El Gobierno argentino, en disonancia con el resto, señaló que “respeta el proceso institucional que se está desarrollando y confía en que el desenlace consolide la solidez de la democracia brasileña”. Manteniendo así, la línea trazada desde el pasado mayo, cuando de inmediato a la suspensión de Dilma Roussef, el gobierno de Macri, reconoció a Michel Temer como nuevo mandatario. La semana pasada, la Canciller Susana Malcorra, afirmó que “(…) el Gobierno argentino continuará dialogando con las autoridades constituidas a fin de seguir avanzando con el proceso de integración bilateral y regional”.

Paraguay y Estados Unidos también se suman a la lista de los países que reconocen al Gobierno de Michel Temer. El canciller Eladio Loizaga manifestó que Paraguay respeta la decisión tomada por las “(…) instituciones democráticas brasileñas” y que van a buscar “(…) la profundización de [las] relaciones en todo sentido, económicas, comerciales y políticas”. Por otro lado, el portavoz estadounidense John Kirby dijo en una reunión con la prensa que las instituciones democráticas de Brasil habían actuado dentro del marco constitucional del país.

En este escenario de declaraciones y definiciones, pueden encontrarse algunas más imparciales.
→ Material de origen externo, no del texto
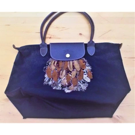 Sac à Main “Longchamp” modèle pliage, en tissu couleur noir à déco plumes et anses en cuir, fermeture à glissière, dimensions 39 cm x 25 cm, bé.
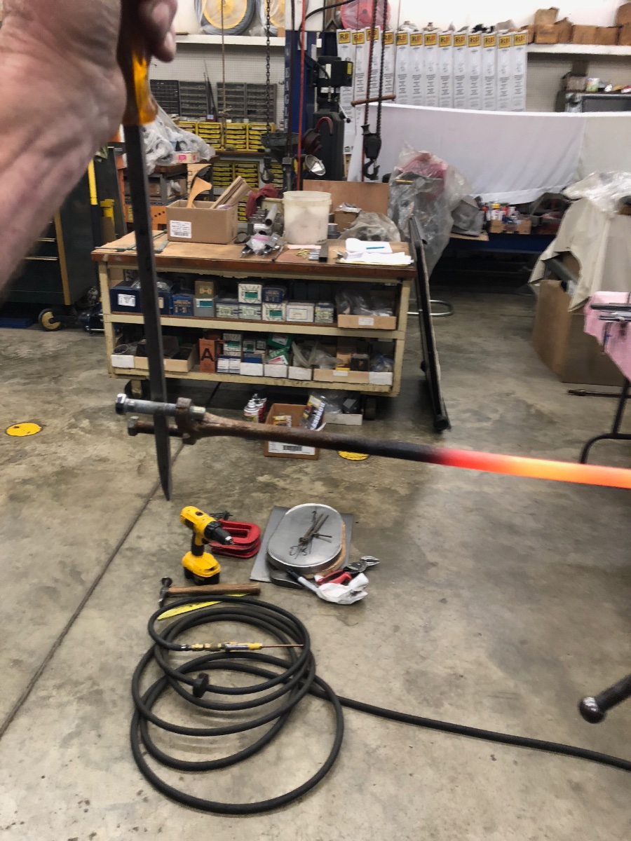 Had a little more time so I started the twist modification and reforge of the steel. The drag link needs to be twisted approximately 84 degrees to the right.
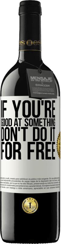 ボトル内のメッセージ. パーソナライズされたラベル付きのワインボトル. メッセージ: "何かが得意であれば、無料でやらないでください". ホワイトラベル. カスタマイズ可能なラベル. |
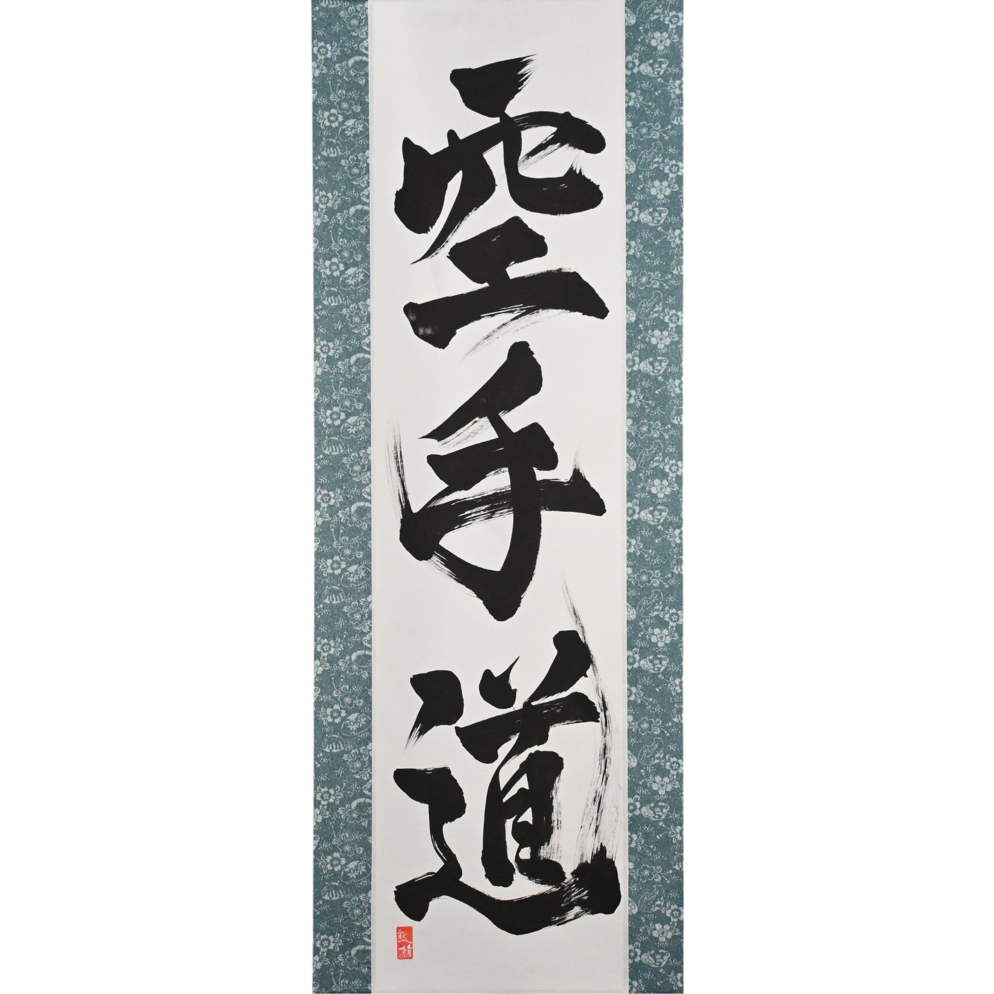 This calligraphy scroll features the powerful phrase 空手道 (Karate-do) — not merely a martial art, but a lifelong journey of discipline, respect, and inner strength.
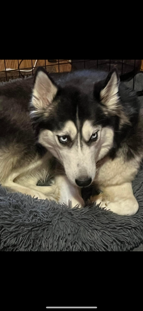 Pet Description:Black and White female husky around 35-40 lbs. Skinny due to having pups 12 weeks ago. |
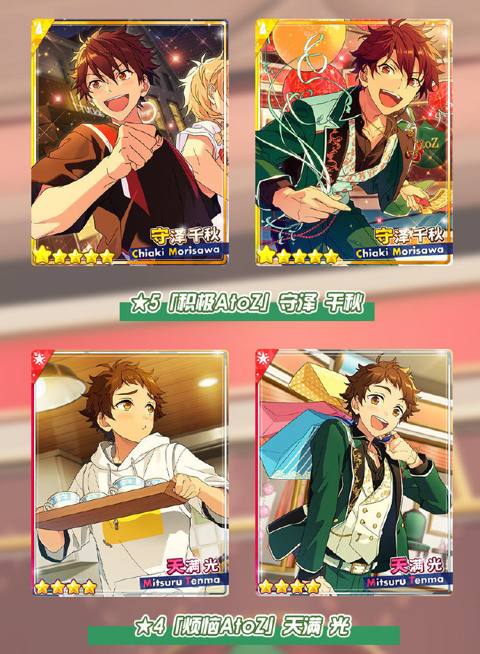 2020年12月18日12:00-2021年1月1日11:59,全新限定卡池「招募!√AtoZ」即将开启!本期的活动卡为★5【积极AtoZ】守泽千秋、★4【烦恼AtoZ】天满光,活动卡牌在活动卡池掉率提升!将活动卡编入队伍,也会获得「SHUFFLE×恋爱的√是AtoZ」演唱会活动的加成。
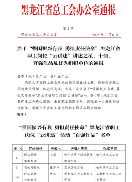 近日,黑龙江省总工会办公室下发了《关于“强国振兴有我 勇担责任使命”黑龙江省职工岗位“云讲述”讲述之星、十佳、百强作品及优秀组织单位的通报》,我院张栋老师作品“匠心筑梦 技能育才”被授予“百强作品”荣誉称号。
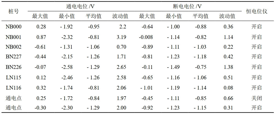 表 1 陰極保護站恒電位儀運行參數
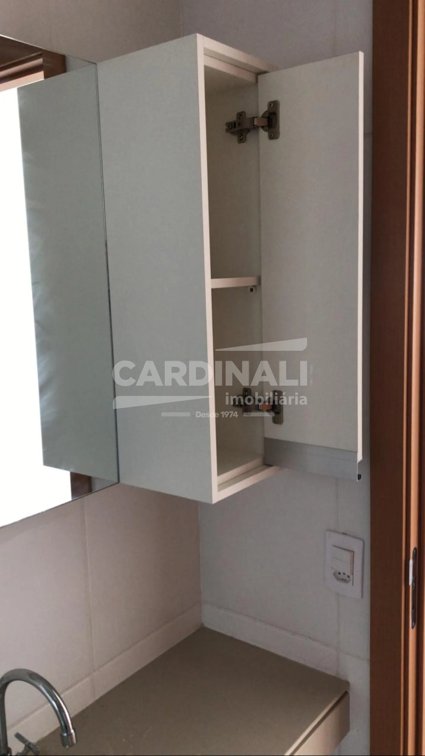 - Conjunto de armário/Gabinete de mdf em bom estado, com 01 porta, com 01 puxador, com 1 prateleira e com espelho embutido no móvel.
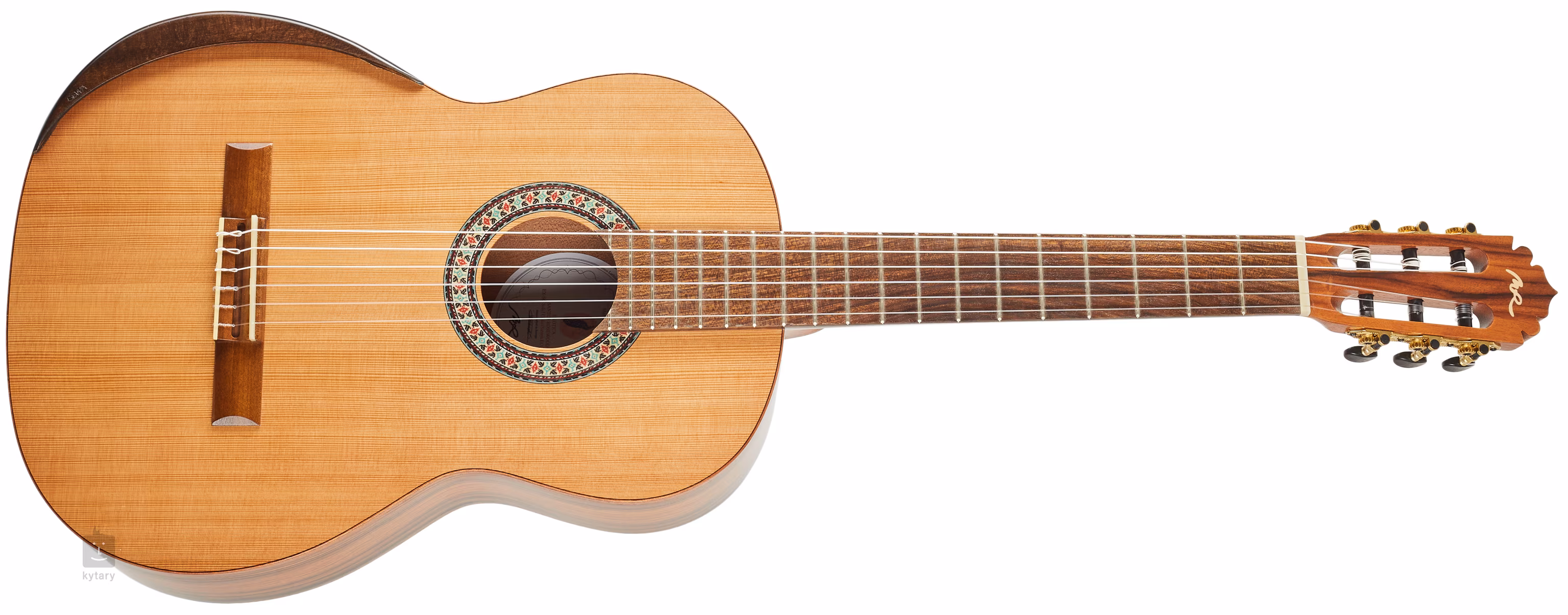A mahagóni nyakra ovangkol fogólap van ragasztva. A stabil hangolást a húrok nulla és kompenzált nyeregbundokon keresztül történő rögzítése garantálja, aranyozott líra nélküli mechanizmusokban, fekete fogólapokkal és ovangkol fogólappal. A stílusos kivitelezést a valódi spanyol nyak, a válltámasz, a fejléc pau ferro fafurnérja és a szatén ECO vízbázisú lakk hangsúlyozza.

Colombia expresó su aprecio por Dilma Roussef, pero manifestó su voluntad de “(…) continuar trabajando con el gobierno constitucional del hermano país en beneficio de la región”. Representantes de Colombia hicieron hincapié en el principio de no intervención de los asuntos internos de otros Estados. En consonancia, Chile también se declaró respetuoso de los asuntos internos de otros Estados y aseguró que “(…) espera seguir construyendo renovados caminos de convergencia y fortalecimiento de la relación bilateral”.

Finalmente, en este difícil clima que sacude América Latina, también se escuchó la voz del Papá Francisco, quien durante la inauguración de la estatua de la Virgen de Aparecida en Brasil, invitó a rezar “(…) para que Ella siga custodiando todo el Brasil, todo el pueblo brasileño, en este momento triste”, aludiendo así a la dura situación política que atraviesa el país.